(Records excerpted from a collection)

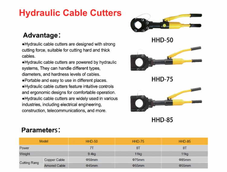 ● Hydrauliske kabelkuttere er designet med sterk skjærekraft, egnet for å kutte harde og tykke kabler.
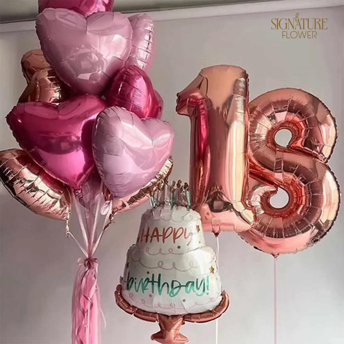 Rose Gold Number Balloons Composition: Personalized birthday balloons Dubai
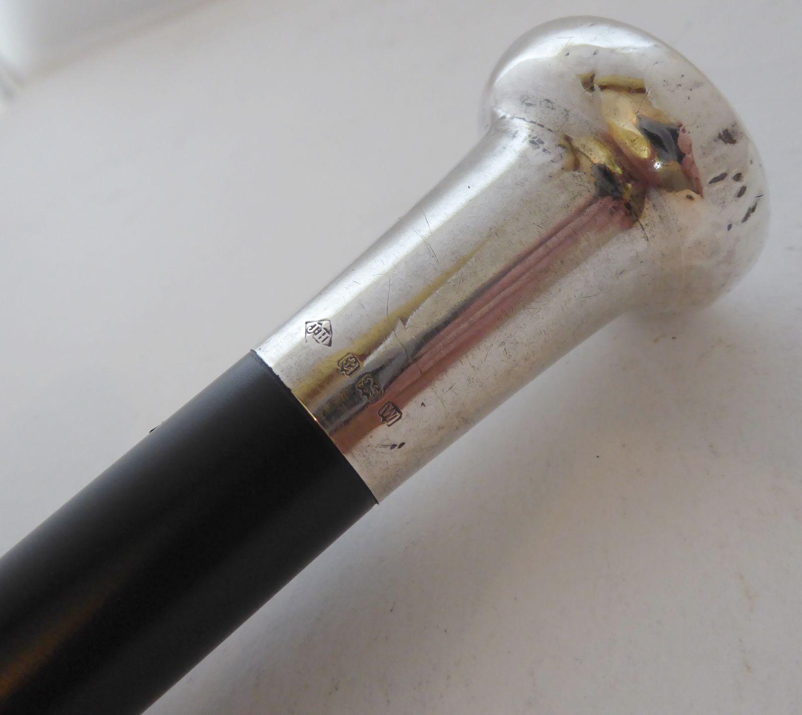 1921 Walking Stick Cane Hallmarked Solid Silver Pommel Ebony Wood Shaft
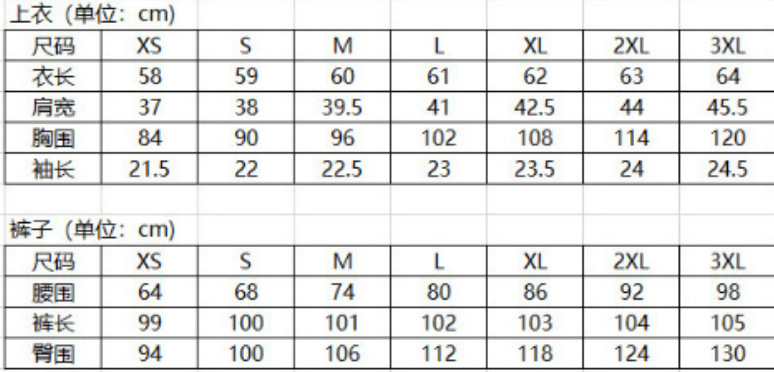 XS; S; M; L; XL
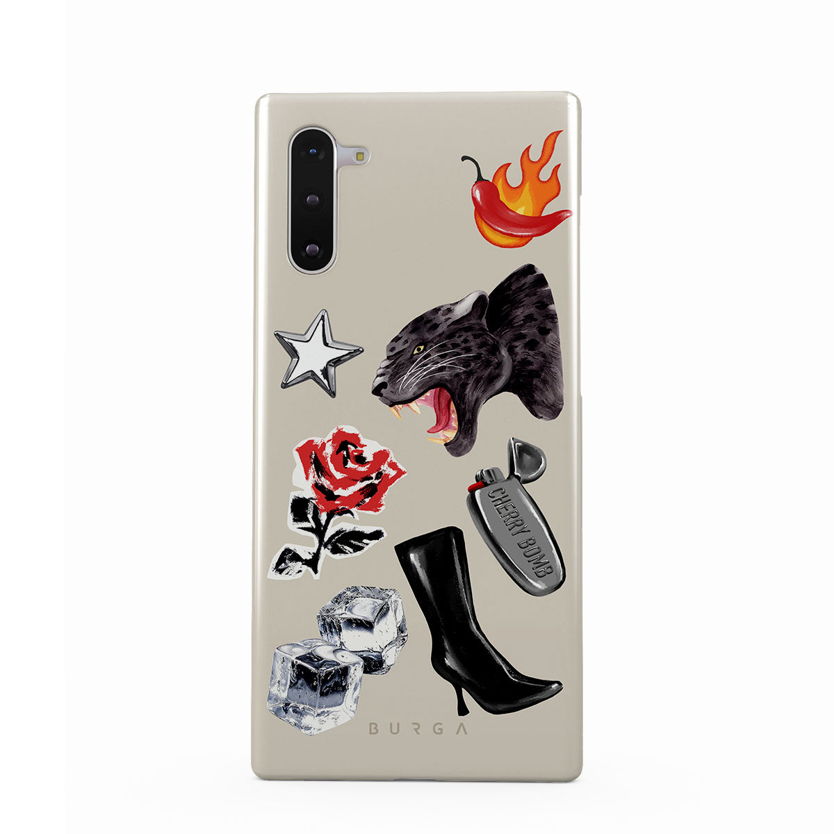 このデザインの特徴:、黒いパンサー、赤いバラ、燃えるパプリカ、シルバーのライター、黒いニーハイブーツ、氷、シルバーの星が含まれています。

Problem requirements: Once the line containing "1921 Walking Stick" has been found, write out exactly that line and each one after it through the end of the data, leaving out every picture.

Written answer:
 1921 Walking Stick Cane Hallmarked Solid Silver Pommel Ebony Wood Shaft
 XS; S; M; L; XL
 このデザインの特徴:、黒いパンサー、赤いバラ、燃えるパプリカ、シルバーのライター、黒いニーハイブーツ、氷、シルバーの星が含まれています。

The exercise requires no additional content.